High Court’s Decision in Miller v. Alabama is a Victory for Many, Especially in Communities of Color

The W. Haywood Burns Institute  (BI) would like to congratulate our colleague Bryan Stevenson at the Equal Justice Initiative  and the legions of lawyers, advocates and families on their victory in the U.S. Supreme Court’s decision in Miller v. Alabama. 

This decision will impact more than 2,000 young people of which 75 percent are youth of color. The decision specifically holds that young people convicted of homicide cannot mandatorily be sentenced to life without possibility of parole. While some headlines scream that “murderers” will go free, for those of us that live and work in communities of color, this decision is impactful and important.

In some communities of concentrated poverty across the country, the line between perpetrator and victim is easily traversed. Families of victims and convicted perpetrators are coming to grips with the facts of the new decision. The key elements of the decision involve important principles that are the cornerstone of our jurisprudential system. Those principles involve recognition of adolescent development and proportionality of sanctions. The Court recognizes that teenagers “lack of maturity, have an underdeveloped sense of responsibility…that can lead to recklessness, impulsivity and heedless risk-taking.”

Lifetime incarceration for children is wrong and should not be tolerated by civil society. Miller v. Alabama goes a long way toward making that a reality. All children, regardless of race, religion or ethnic background, are individuals with personal strengths and weaknesses. Indeed, the Court recognizes their immaturity and impulsivity and I would add that these young people are also often abused, ignored, uncared for, disempowered and frequently in a great deal of pain. The Court ruled that a mandatory life sentence for a young person denies their basic humanity.

This decision also gives us an opportunity to examine the use of incarceration as an instrument of social control. In that vein, the overuse of incarceration for young people as a first resort, the current high levels of recidivism and the endless amount of dollars being spent should always be discussed. Heretofore, we as a country were willing to pay any price we believed was necessary for a seductive but hollow phrase; law and order. And pay we did. Between 1971 and 1990, the expenditures for incarceration increased a whopping 313 percent.

During those years we instituted a War on Drugs (brilliantly detailed in Michelle Alexander’s book The New Jim Crow), waged a similar war on children by criminalizing normal adolescent behavior, and became the world’s largest jailer. There is a better way and the Miller decision is a good foundation to move forward with humanity and decency.

At the Burns Institute, we are working on an agenda of humanity and decency that is part of a strength-based approach to children’s basic needs regardless of circumstance. We can reduce crime and the need for life without parole for young people by redefining what youth serving systems should provide. Young people have fundamental rights as human beings that must be adhered to by all systems. We must move to a frame that emphasizes child well being as the preferred method of crime prevention.

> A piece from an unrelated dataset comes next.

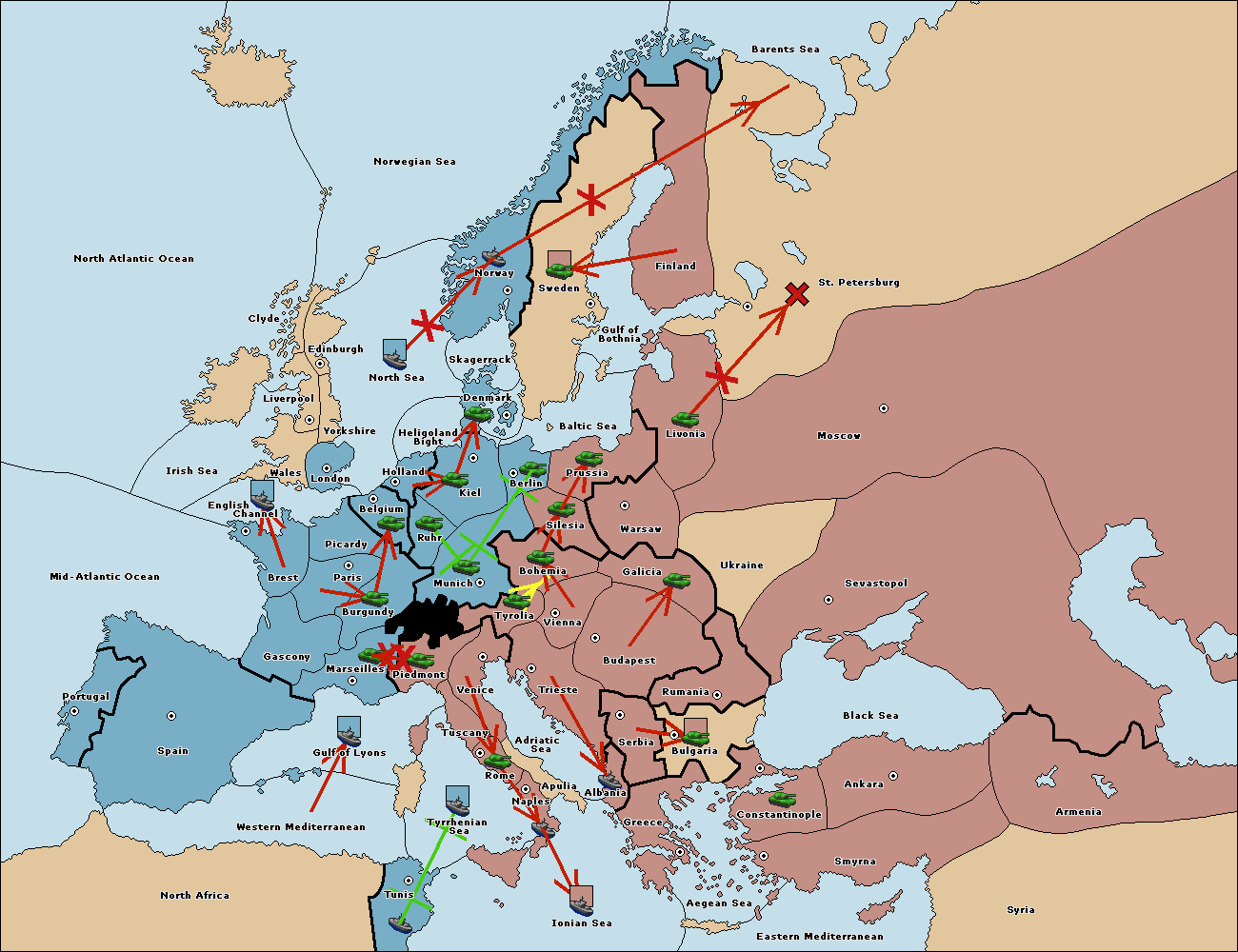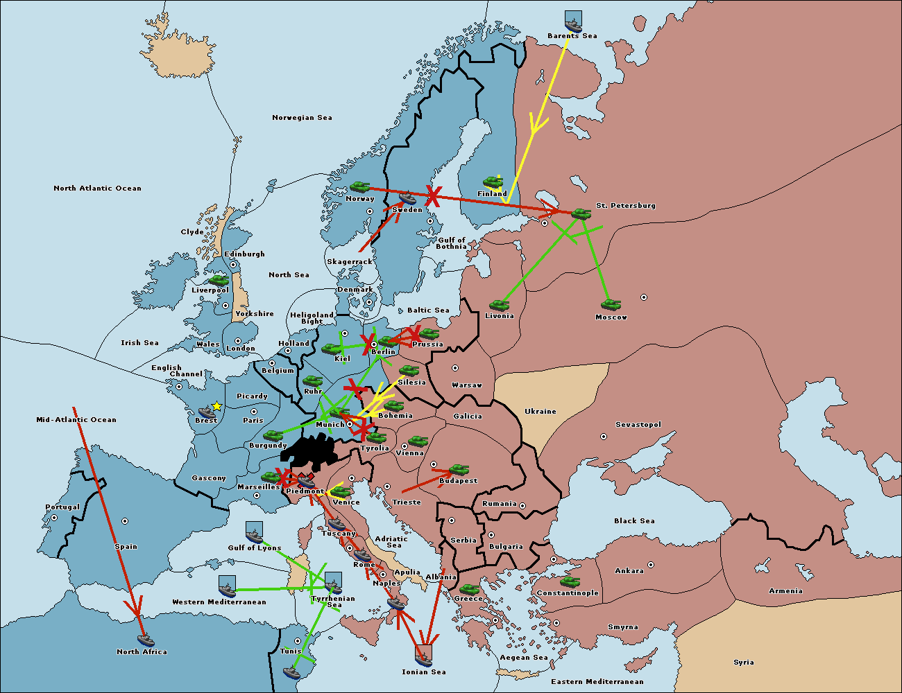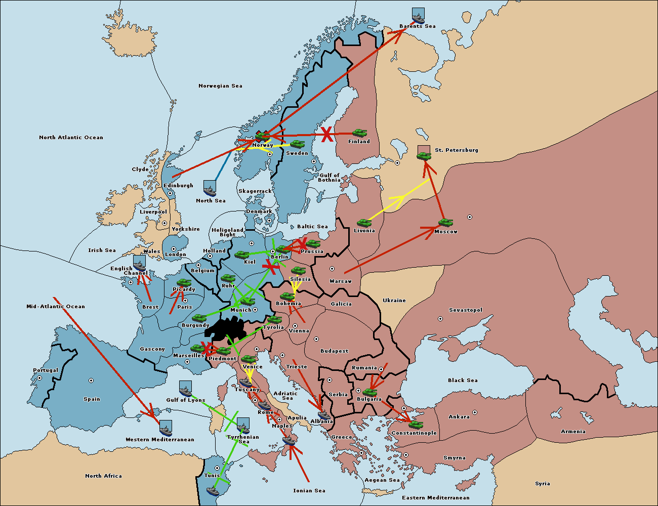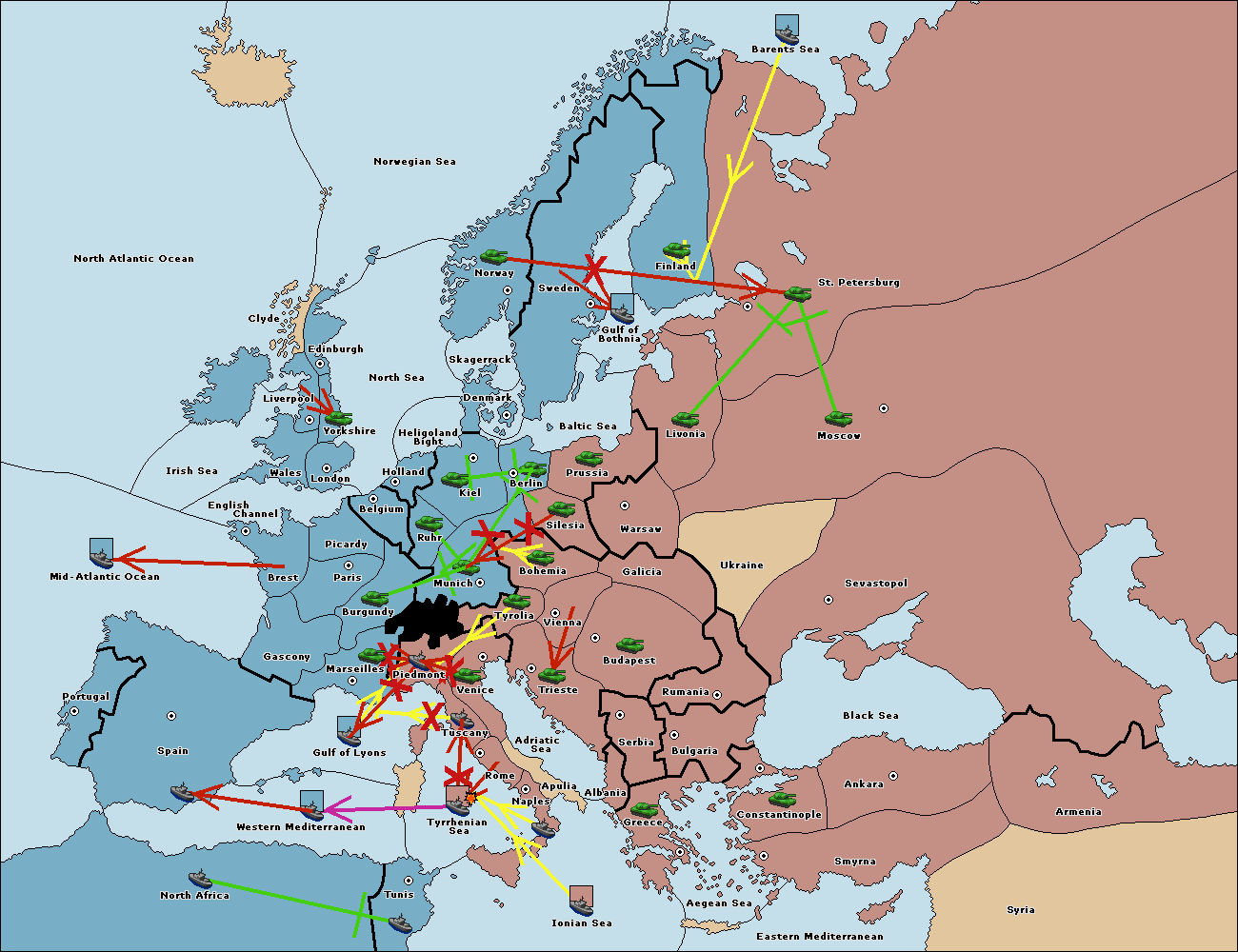 The fleet at Ionian Sea support move to Tunis from Tyrrhenian Sea.

Good service provision demands that a youth be involved with a positive, consistent caring adult in their lives. The administration of justice demands that we be creative in order to change the balance of power regarding decisions about who will be the keeper and who will be the kept, who will be servers and who will be the served, and who will suffer abuse and who will be protected from harm.

Thanks to the Miller decision — we are one step closer to a justice system that is equitable and restorative.